Cuando se trataba de pasar el mar Rojo, perseguidos por los egipcios armados hasta los dientes…, si hubiéramos estado con los israelitas…, quizá habríamos dicho: «¿Y si las aguas se vuelven y nos cubren?» Nosotros leemos esto con toda calma; pero cuando es necesario vivir el asunto y cuando atravesamos «un mar Rojo» cualquiera, cualquier dificultad, comprendemos en alguna medida lo que los hombres de fe enfrentaron en tales momentos. Por eso Dios nos hace atravesar de muchas maneras «mares Rojos», a fin de que aprendamos a conocernos y para que podamos decir: «He aquí una dificultad que me ha hecho conocer mejor a Dios.»
De modo que no se encuentra una vida de fe que no sea una vida de prueba de la fe… no necesariamente de pruebas exteriores, pues un hombre puede caminar viviendo una vida exterior aparentemente sin tropiezos y su vida puede muy bien ser una vida de fe, la de un creyente que durante cincuenta años, de la mañana a la noche, camina con Dios, diciendo: «Señor, ayúdame para esto o aquello, para este trabajo que debo hacer…»
Pero, queridos amigos, ¿quién de nosotros hace esto de manera continua? Esto mantiene a algunos muy oprimidos; es tan difícil como tener que atravesar un mar Rojo; es como si le dijeran a Dios: «Yo no puedo prescindir de ti, es preciso que estés conmigo en todas partes.»
No podemos juzgar el valor de una vida cristiana por las circunstancias exteriores. La vida de Abraham fue mucho más escasa en incidentes que la de otros; sin embargo, ella fue muy rica interiormente. En cambio, la vida de Moisés fue abundante en incidentes, porque su posición era muy diferente. Moisés tenía una posición en la que, inevitablemente, tenía que enfrentar dificultades exteriores a causa de caminar con Dios.
Los nombres que leemos a partir del versículo 32 son: Gedeón, Sansón, David, Samuel…. La mención de ellos nos habla de las dificultades enfrentadas en la tierra prometida y entre el pueblo de Dios.

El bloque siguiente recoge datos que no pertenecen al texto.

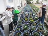 朝から、3年生の子どもたちが一人一鉢のビオラのお世話をしていました。まだ、寒さが厳しいので、そんなに大きくはなっていませんが、これから気温が上がる日が増えると急に成長し始めます。

Quizá pensemos que Dios podría haber obviado este párrafo que da por sobrentendida la triste condición en que se hallaba el pueblo, y que podría haber mostrado solamente la fe gloriosa obteniendo victorias sobre los enemigos exteriores y apoderándose de la tierra prometida.

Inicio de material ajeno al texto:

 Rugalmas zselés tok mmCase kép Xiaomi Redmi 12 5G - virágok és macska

No, en absoluto; Dios recuerda que en dicha tierra también hubo actos de fe. Si el pueblo hubiera marchado bien, no habrían sido necesarios un Gedeón ni un Sansón; estos hombres no hubieran sido útiles. Pero el solo hecho de la presencia de ellos es la demostración de que la condición en que estaba el pueblo exigía hombres que condenaran tal condición. Pues bien, fue necesaria la fe, ¡y siempre es necesaria! Ser cristiano es difícil; hoy en día, si se quiere seguir al Señor es quizá más difícil que al principio.
La fe cuenta con Dios; allí donde no hay fe se mira aquí y allá para encontrar apoyos. Pero la fe cuenta con Dios; entonces las dificultades pasan a ser un asunto de Dios y no nuestro. Lo esencial para cada uno es ser aplicado para tener una buena conciencia, para vivir realmente en la presencia de Dios y apoyarse en Él.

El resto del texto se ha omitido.